A High-Voltage Brazilian Dividend

10/26/2010 11:52 am EST

Focus: GLOBAL

Carla Pasternak

Editor, The Income Investor

Fast-growing utility CEMIG bolsters its solid cash payout with extra stock that should rise in value as Brazil prospers, writes Carla Pasternak in High-Yield International.

Energy Company of Minas Gerais (NYSE: CIG), aka CEMIG, is one of the largest electric utilities in Brazil with approximately 6.2 million consumers in Minas Gerais, the country's second most populous state. CEMIG sells power in one of the world's fastest growing economies. In fact, Brazil grew an astounding 9% in the first quarter of 2010 and 8.8% in the second quarter, compared with 1.6% growth in the US.

CEMIG's stock tends to mimic the general direction of the Brazilian stock market, albeit less volatile on the upside and downside. And the Brazilian market has been on fire. The iShares MSCI Brazil Index (NYSE: EWZ) has returned a remarkable 20% average annual return over the past 10 years and 25% per year over the past five.

CEMIG has a dividend policy of paying out at least 50% of net income. In addition, for the past few years the company has also paid a stock dividend or done a share split. Management typically pays two cash dividends per year, in mid-year and in December. The dividend paid in July totaled $0.38 per ADR and the company has declared the December dividend, which is estimated (depending on currency) to be $0.39 per ADR. The $0.77 in dividends paid in 2010 translates to a solid 4% yield at a share price of $17.92. Including the $1.59 stock dividend, the trailing yield is 13% ($2.37/$17.92). There is no withholding tax on dividends. Payments are made in Brazilian reals and converted to US dollars, so are subject to fluctuations with currency values.

The 10% stock dividend paid in May is a huge benefit in several ways. First, investors are not taxed when the dividend is received. But they have the choice to turn it into a cash dividend by selling the shares. If investors choose to hold the additional shares, they will be entitled to 10% more of future dividends. And since CIG shares are higher now than on the record date (May 4), investors can enjoy a more than 10% increase in the value of the position.

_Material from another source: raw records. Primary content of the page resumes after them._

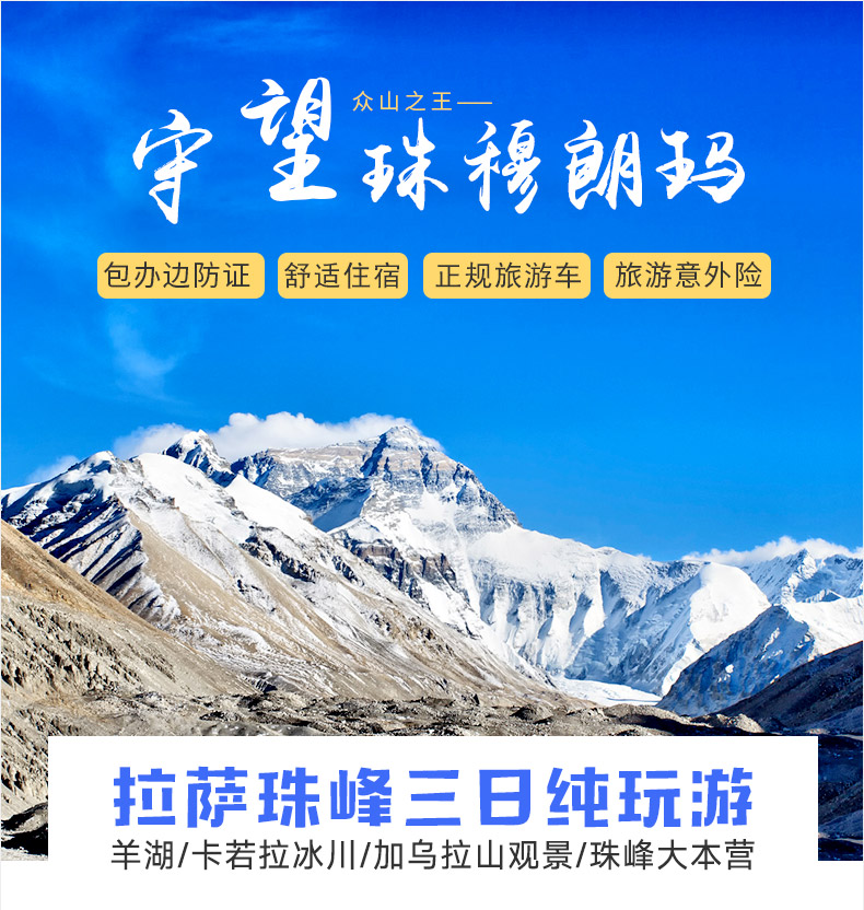 < 珠峰专线 > 【挑战经典,巅峰之旅】羊湖+日喀则+珠峰大本营3日游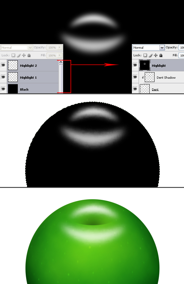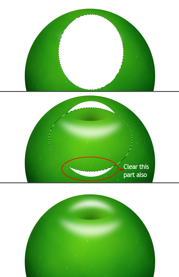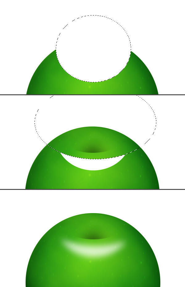 I applied an Inner Glow Layer Style to the "Apple" layer to make the edges a little bit darker using these settings: Blend Mode of Multiply, Opacity set at 30%, Size set to 20 pixels, and Color set to #003300. I also changed the "Apple" layer Inner Shadow Opacity to 45%.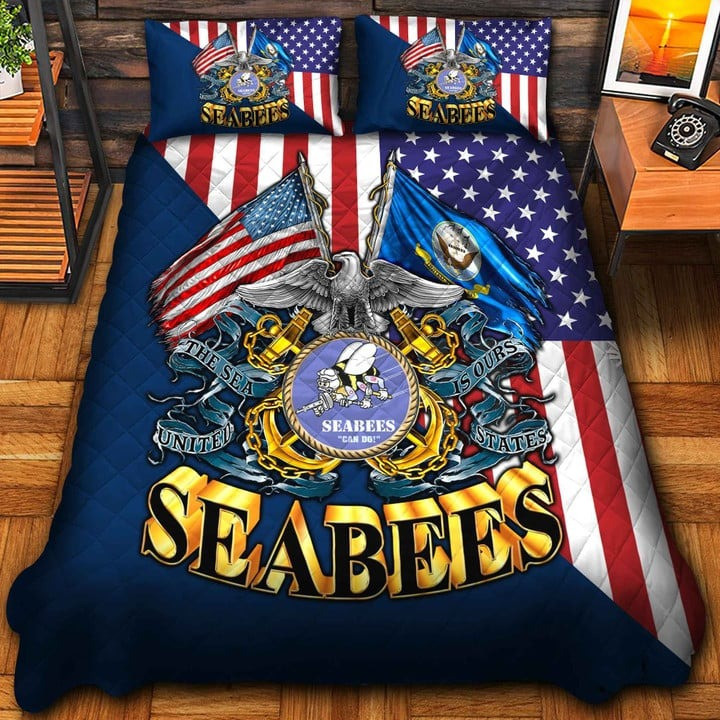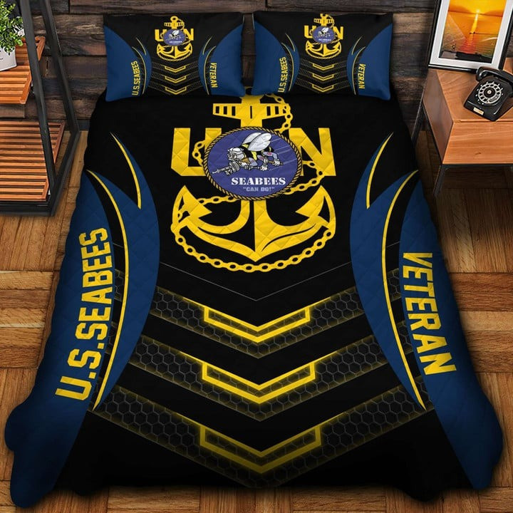 Rushgleam U.S Seabees Veteran Quilted Bedding Set Duvet Cover Bedspread Bedroom Decor Gifts For Wife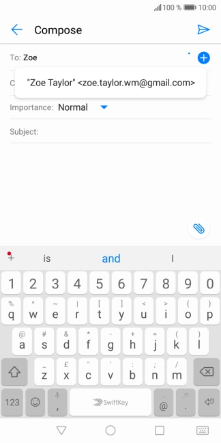 Press the text input field and write the text for your email message.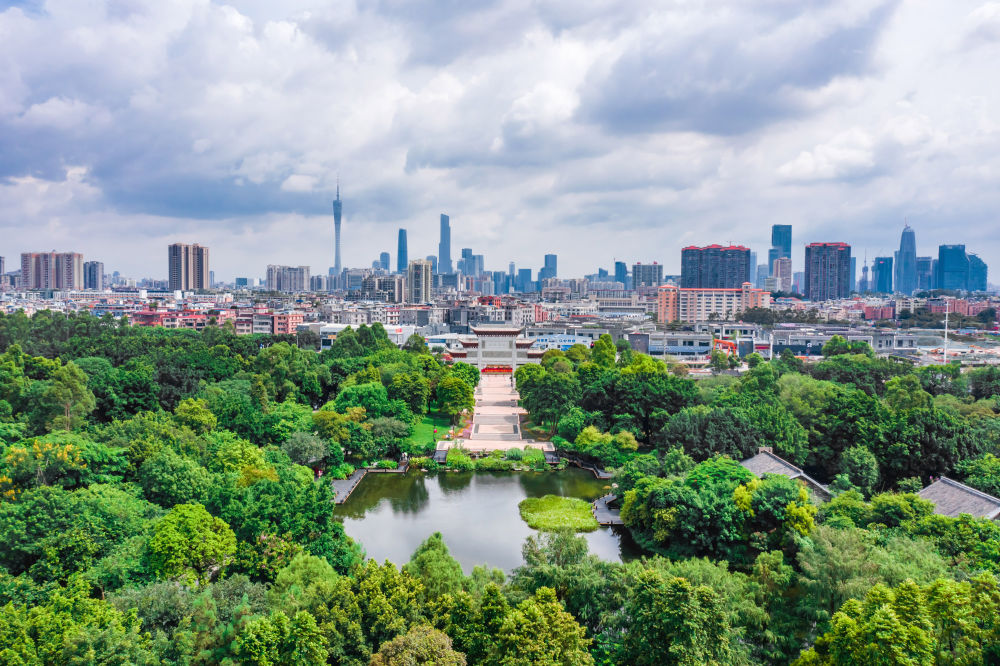 ↑2021年7月1日拍摄的位于广州市中心城区的海珠湿地景色。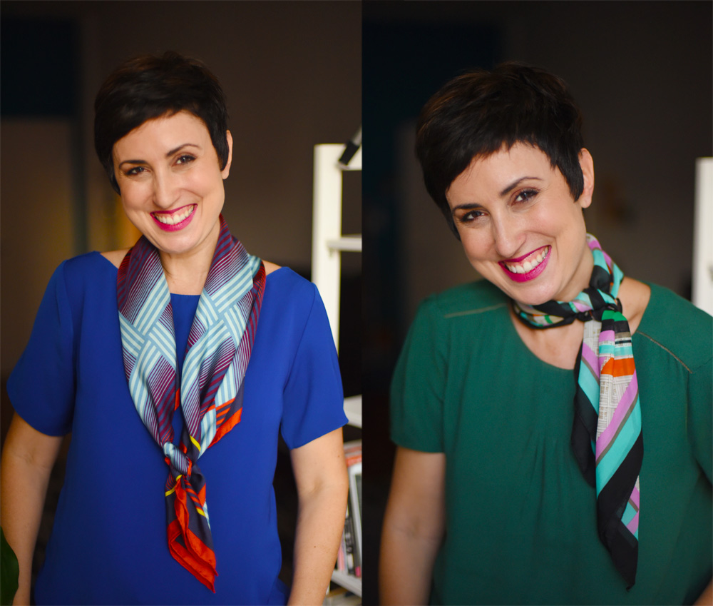 Ó nas fotos abaixo como eu fiz essa ligação entre a cor da blusa e dos lenços! 🙂 Na blusa azul eu escolhi um lenço que tivesse tons azuis (quase no tom sobre tom) para ajudar na harmonia. Na blusa verde eu ousei um pouco mais, mas repara como tem um verdinho ali perto do nó, vai! Hahahaha!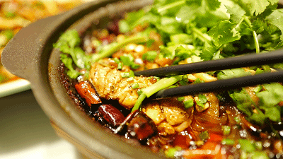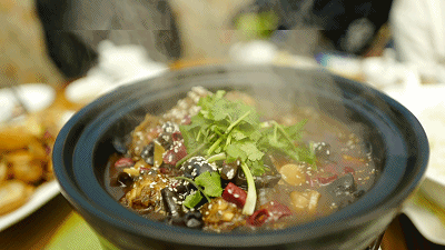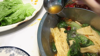 不过有一点扎堆要提醒,这个锅的边缘很烫,容易被烫到,有位小姐姐夹菜的时候就不小心烫到了。汤汁浇上去都能听到滋啦啦的声音。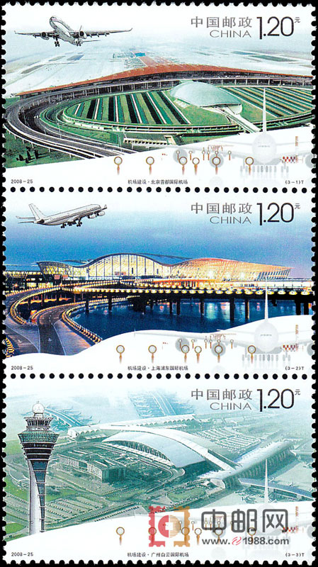 【图案面值】 (3-1)T 北京首都国际机场 1.20元(3-2)T 上海浦东国际机场 1.20元(3-3)T 广州白云国际机场 1.20元邮票介绍: 2008年9月28日发行《机场建设》特种邮票1套3枚。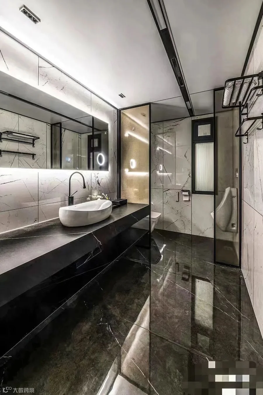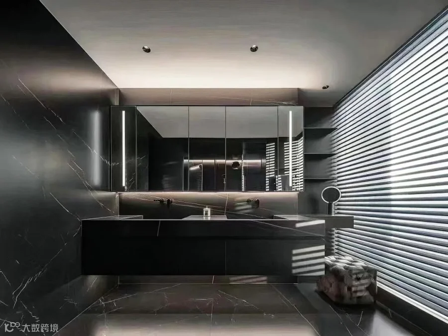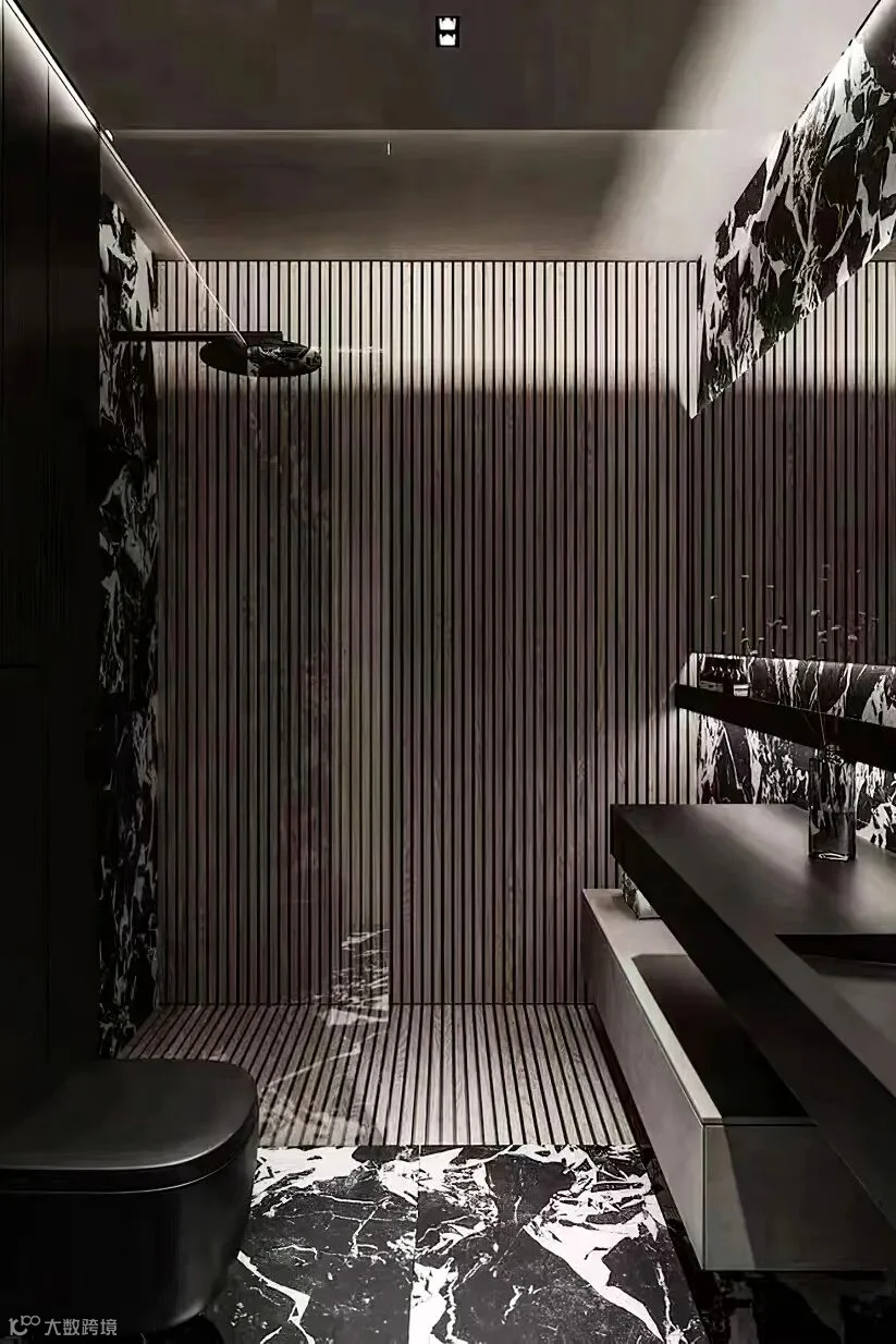 拿破仑黑在空间应用中真是非常百搭。户主在卫浴间运用拿破仑黑作为背景墙面,或作为装潢点缀,与不同板块的材质互为映衬,又相互协调,瞬间提升了空间的高级感。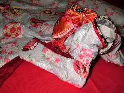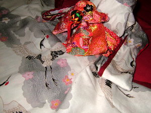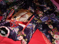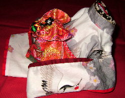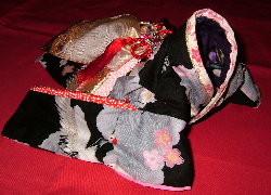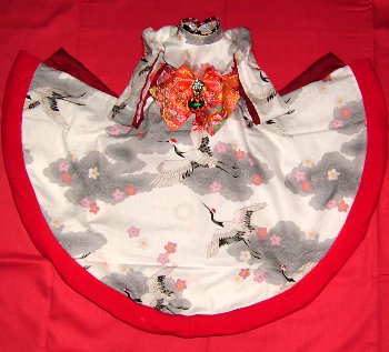 お値段を付けさせて頂きました (2005/8/16) 白 ¥16000- お着物+帯+お姫様セット 破格値です ちなみに 黒は 25000円で御買い上げ頂きました 完売しました
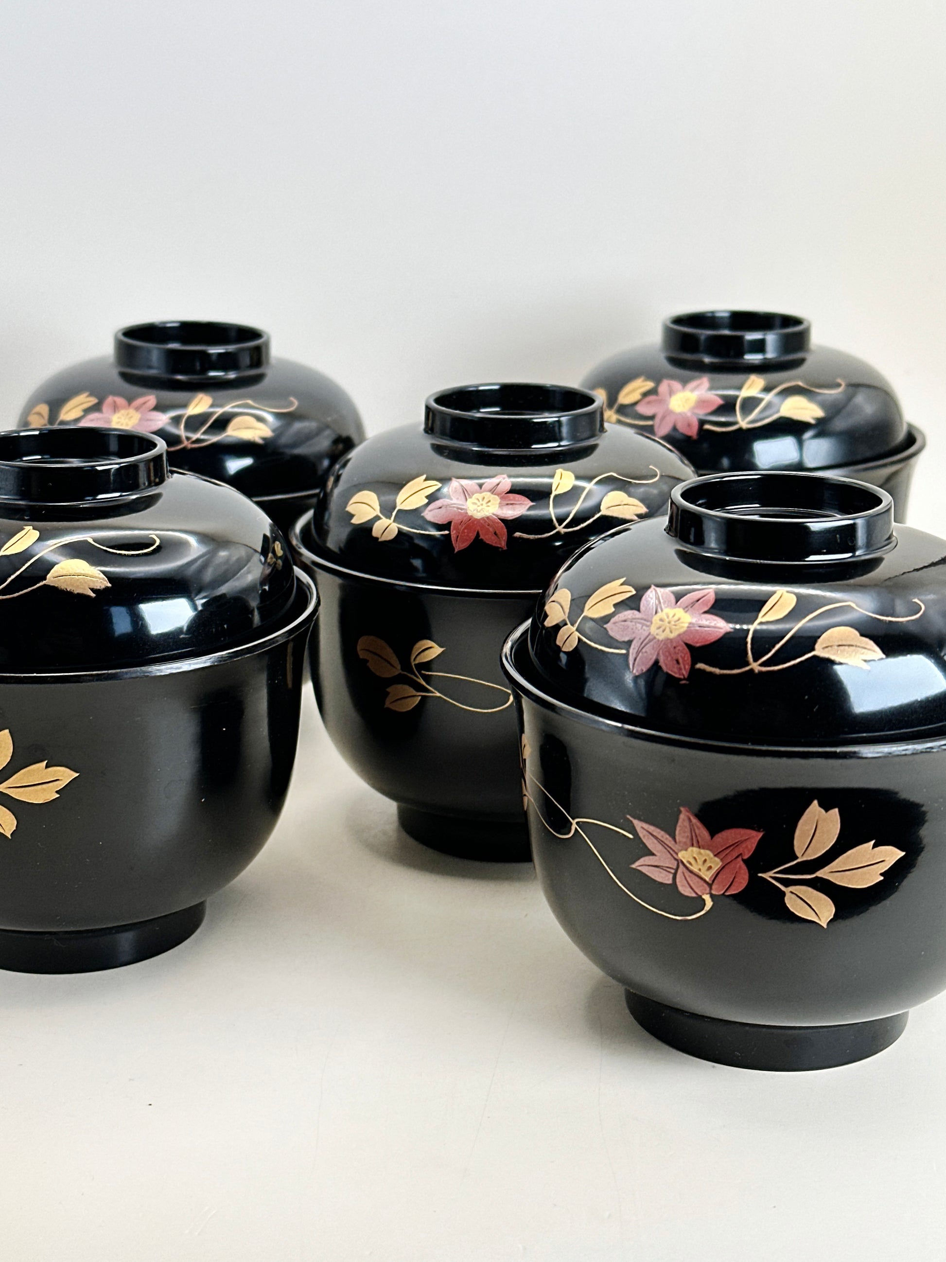 Each bowl is delicately adorned with tessen (clematis) blossoms rendered in maki-e technique. Soft pink and red petals bloom gracefully across the glossy black ground, accompanied by flowing gold vines and leaves. The subtle gold accents catch the light beautifully, creating a gentle contrast against the rich lacquer surface.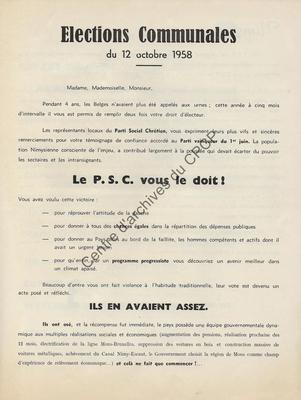 Imprimé électoral de la liste PSC de la commune de Nimy réalisé à l'occasion des élections communales du 12 octobre 1958.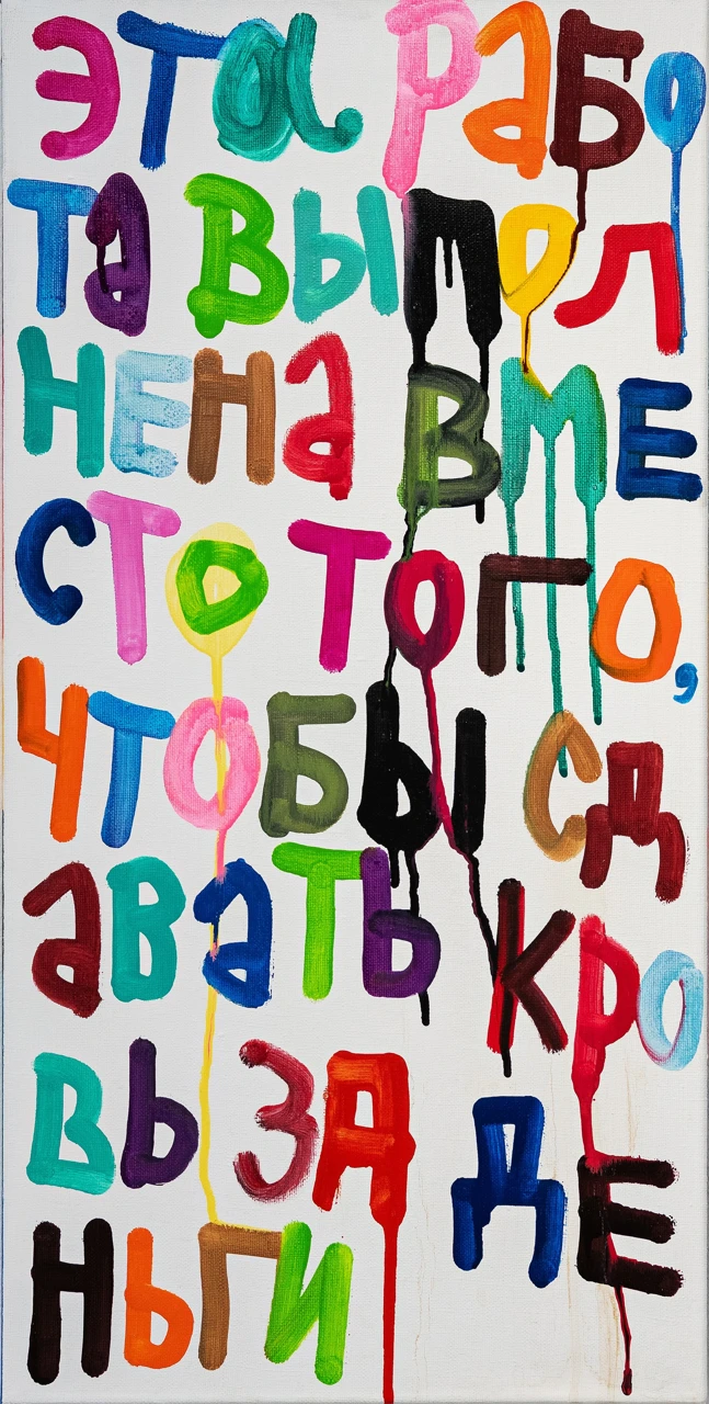 Новая серия кажется едва ли не приятельским жестом художника, знакомящего всех со своей обыденной жизнью. Каждая картина оказывается «сделана вместо того, чтобы», а из написанного вслед за этой формулой можно легко составить список дел: «позвонить другу», «пойти на турник», «лежать на диване», «смотреть сериалы», «гладить кота», из которого возникает понятный и вызывающий симпатию образ человека, такого же, как все мы, — если не помнить, что любые простые занятия современный художник способен превратить в часть работы.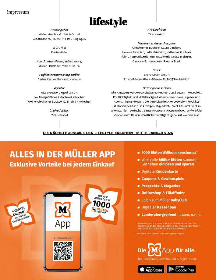 Sie sind an der richtigen Stelle, um den neusten Katalog von Müller zu lesen ! Sehen Sie unten die letzten Kataloge von Müller gültig ab 20 November bis 31 Dezember. Sie sehen Rezensionen an, teilen Sie Ihre Meinung und Sie können über Katalogprodukte lesen. Sie können auch alle verfügbaren Kataloge aus derselben Kategorie ansehen, um gleichen Produkte in anderen Läden zu vergleichen. Verpassen Sie nicht Schnäppchen und Bereiten Sie Ihre Online-Shopping und Sparen Sie das ganze Jahr. Auf dieser Seite, Müller Angeboten, Prospekte, Promotion und Sonderangebote.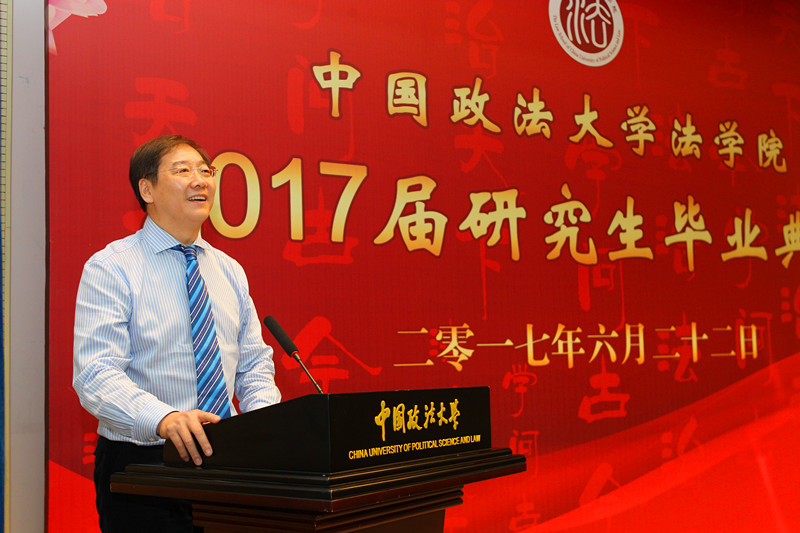 焦洪昌院长首先致辞。他祝贺新葡萄官网amg2017届研究生顺利毕业,大家是法大的骄傲,更是新葡萄官网amg的荣光!希望各位毕业生时刻牢记“法治天下,学问古今”院训,在法治国家、法治政府、法治社会建设的道路上能够谦逊、坚强。他提到,新葡萄官网amg历史源远流长,在各位的共同努力下已取得骄人成绩,希望各位同学能够以前人为镜,砥砺前行。世界终将属于青年一代,法治建设需要在座各位,同学们应继续艰苦奋斗,不负所望。焦洪昌以赫胥黎的一句话与大家共勉——“世界上最远的距离不是天和地相隔,也不是山和水相隔,而是心到手的距离。心是想的,手是做的。法治中国,距离虽远,但得一分有一分的喜乐。”

In the second quarter, CEMIG sold 12.5% more electricity than last year's quarter, as industry sales grew 9% in the strong economic recovery. However, net revenue was flat at R$2.95 billion because of higher cost for purchased energy, higher material costs and increased depreciation expenses. Net income decreased 13% primarily because of a 59% increase in the cost of financing, as money borrowed to fund expansions has not yet been offset because accretion from the expansions has not yet been fully realized.

CEMIG is in the process of aggressively expanding to meet the ever-rising energy needs of a rapidly growing economy. In the second quarter alone, the company made three acquisitions of energy transmission companies. These acquisitions will give CEMIG 57% more capacity in energy transmission than it had in 2008. Analysts' consensus estimates are for the company to grow earnings by an average of 7.5% over the next five years.

CEMIG pays a solid yield and offers stronger capital appreciation potential than most utilities.